• **WHAT YOU SHOULD DO**: From the records below, transcribe only the lines running from the one with "This is an action" through the one with "Het perceel waarop". Keep both of those end lines.

• **SUPPLIED DATA**:
⟨

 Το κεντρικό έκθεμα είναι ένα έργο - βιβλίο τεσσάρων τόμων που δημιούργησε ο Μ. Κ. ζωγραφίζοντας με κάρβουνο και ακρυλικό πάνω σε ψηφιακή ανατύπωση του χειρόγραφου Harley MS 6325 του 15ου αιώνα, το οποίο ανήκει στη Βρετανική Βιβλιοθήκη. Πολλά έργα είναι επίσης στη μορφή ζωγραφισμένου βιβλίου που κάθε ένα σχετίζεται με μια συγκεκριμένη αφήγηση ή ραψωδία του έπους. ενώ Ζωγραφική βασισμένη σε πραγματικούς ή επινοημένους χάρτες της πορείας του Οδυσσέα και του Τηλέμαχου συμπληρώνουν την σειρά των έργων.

⟩
⟨

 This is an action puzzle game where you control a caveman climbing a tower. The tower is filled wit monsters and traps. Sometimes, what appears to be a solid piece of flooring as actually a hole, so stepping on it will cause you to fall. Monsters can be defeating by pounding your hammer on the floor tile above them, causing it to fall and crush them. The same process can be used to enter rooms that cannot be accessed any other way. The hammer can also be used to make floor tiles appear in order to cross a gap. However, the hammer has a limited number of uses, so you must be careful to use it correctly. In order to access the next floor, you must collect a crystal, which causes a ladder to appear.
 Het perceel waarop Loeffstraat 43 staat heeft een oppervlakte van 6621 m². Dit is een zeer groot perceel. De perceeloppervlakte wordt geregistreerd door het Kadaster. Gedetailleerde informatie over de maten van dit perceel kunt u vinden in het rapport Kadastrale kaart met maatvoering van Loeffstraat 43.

⟩
⟨

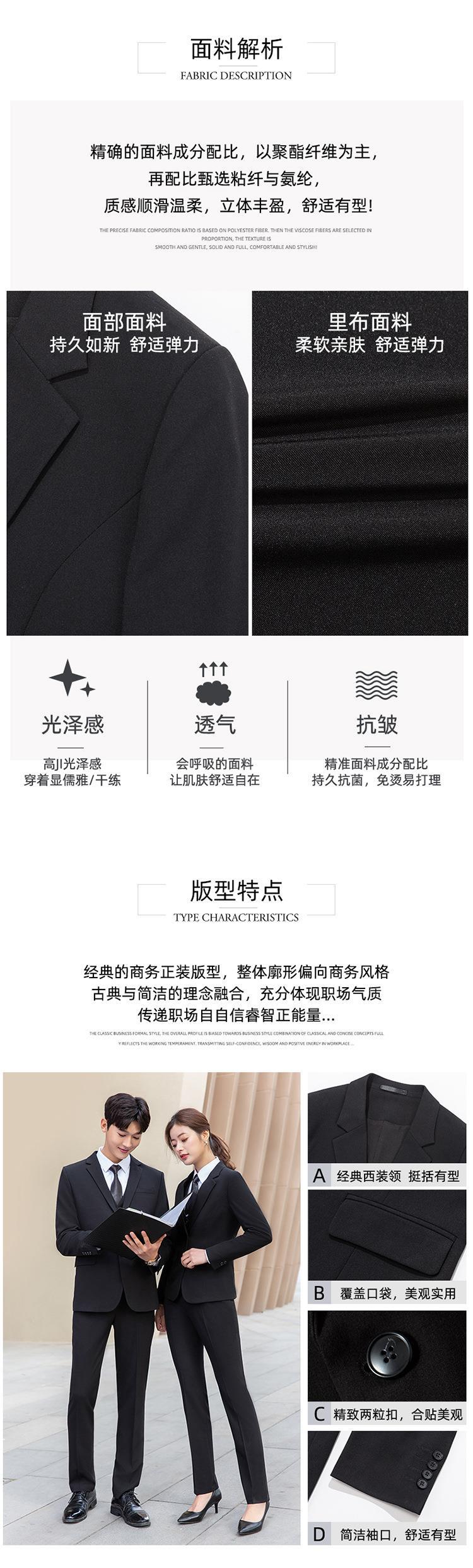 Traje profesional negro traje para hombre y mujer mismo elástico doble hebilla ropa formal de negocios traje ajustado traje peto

⟩

• **OUTPUT FOR THIS EXERCISE**:
 This is an action puzzle game where you control a caveman climbing a tower. The tower is filled wit monsters and traps. Sometimes, what appears to be a solid piece of flooring as actually a hole, so stepping on it will cause you to fall. Monsters can be defeating by pounding your hammer on the floor tile above them, causing it to fall and crush them. The same process can be used to enter rooms that cannot be accessed any other way. The hammer can also be used to make floor tiles appear in order to cross a gap. However, the hammer has a limited number of uses, so you must be careful to use it correctly. In order to access the next floor, you must collect a crystal, which causes a ladder to appear.
 Het perceel waarop Loeffstraat 43 staat heeft een oppervlakte van 6621 m². Dit is een zeer groot perceel. De perceeloppervlakte wordt geregistreerd door het Kadaster. Gedetailleerde informatie over de maten van dit perceel kunt u vinden in het rapport Kadastrale kaart met maatvoering van Loeffstraat 43.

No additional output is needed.